__What this task involves__.
The response must consist of the lines below from the one with "Последний отчёт увеличивает" through the one with "在田間地頭,杜總查看煙葉的長", exactly as they appear and with both ends kept.

__Data for processing__.
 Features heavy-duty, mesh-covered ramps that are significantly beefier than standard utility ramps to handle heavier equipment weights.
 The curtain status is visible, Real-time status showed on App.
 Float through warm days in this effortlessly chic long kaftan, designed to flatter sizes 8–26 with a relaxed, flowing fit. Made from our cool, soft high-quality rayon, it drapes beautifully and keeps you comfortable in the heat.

--

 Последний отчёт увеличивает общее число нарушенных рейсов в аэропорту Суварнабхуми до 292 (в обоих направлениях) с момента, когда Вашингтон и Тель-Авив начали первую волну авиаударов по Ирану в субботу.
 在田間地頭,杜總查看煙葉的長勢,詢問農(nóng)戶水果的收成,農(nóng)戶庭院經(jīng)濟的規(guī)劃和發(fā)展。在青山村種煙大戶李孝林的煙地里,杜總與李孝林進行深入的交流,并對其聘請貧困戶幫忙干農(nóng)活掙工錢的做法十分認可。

__Answer section__.
 Последний отчёт увеличивает общее число нарушенных рейсов в аэропорту Суварнабхуми до 292 (в обоих направлениях) с момента, когда Вашингтон и Тель-Авив начали первую волну авиаударов по Ирану в субботу.
 在田間地頭,杜總查看煙葉的長勢,詢問農(nóng)戶水果的收成,農(nóng)戶庭院經(jīng)濟的規(guī)劃和發(fā)展。在青山村種煙大戶李孝林的煙地里,杜總與李孝林進行深入的交流,并對其聘請貧困戶幫忙干農(nóng)活掙工錢的做法十分認可。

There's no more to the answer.